§ **REQUIRED WORK**
Transcribe the stretch of entries below from the line with "2020年10月22日下午,tyc872" through the line with "В уютном банкетном", exactly and with both ends included; leave out all other lines.

§ **EXERCISE INPUTS**
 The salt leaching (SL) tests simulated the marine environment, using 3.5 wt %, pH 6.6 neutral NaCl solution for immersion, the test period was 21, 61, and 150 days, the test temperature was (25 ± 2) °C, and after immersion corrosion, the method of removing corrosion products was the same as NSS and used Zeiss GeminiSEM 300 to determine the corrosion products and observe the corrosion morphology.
...
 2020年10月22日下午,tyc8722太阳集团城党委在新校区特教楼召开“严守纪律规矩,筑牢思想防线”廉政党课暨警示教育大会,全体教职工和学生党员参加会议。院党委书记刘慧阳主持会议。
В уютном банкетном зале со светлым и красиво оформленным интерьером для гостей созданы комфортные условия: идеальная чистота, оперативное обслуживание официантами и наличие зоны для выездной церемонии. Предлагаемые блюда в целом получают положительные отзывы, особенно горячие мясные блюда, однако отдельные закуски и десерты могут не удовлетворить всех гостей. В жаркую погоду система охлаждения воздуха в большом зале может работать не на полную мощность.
--
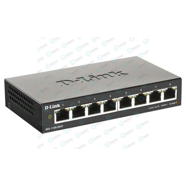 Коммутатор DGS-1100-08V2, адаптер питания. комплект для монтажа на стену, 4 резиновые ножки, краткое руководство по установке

§ **EXERCISE RESPONSE**
 2020年10月22日下午,tyc8722太阳集团城党委在新校区特教楼召开“严守纪律规矩,筑牢思想防线”廉政党课暨警示教育大会,全体教职工和学生党员参加会议。院党委书记刘慧阳主持会议。
В уютном банкетном зале со светлым и красиво оформленным интерьером для гостей созданы комфортные условия: идеальная чистота, оперативное обслуживание официантами и наличие зоны для выездной церемонии. Предлагаемые блюда в целом получают положительные отзывы, особенно горячие мясные блюда, однако отдельные закуски и десерты могут не удовлетворить всех гостей. В жаркую погоду система охлаждения воздуха в большом зале может работать не на полную мощность.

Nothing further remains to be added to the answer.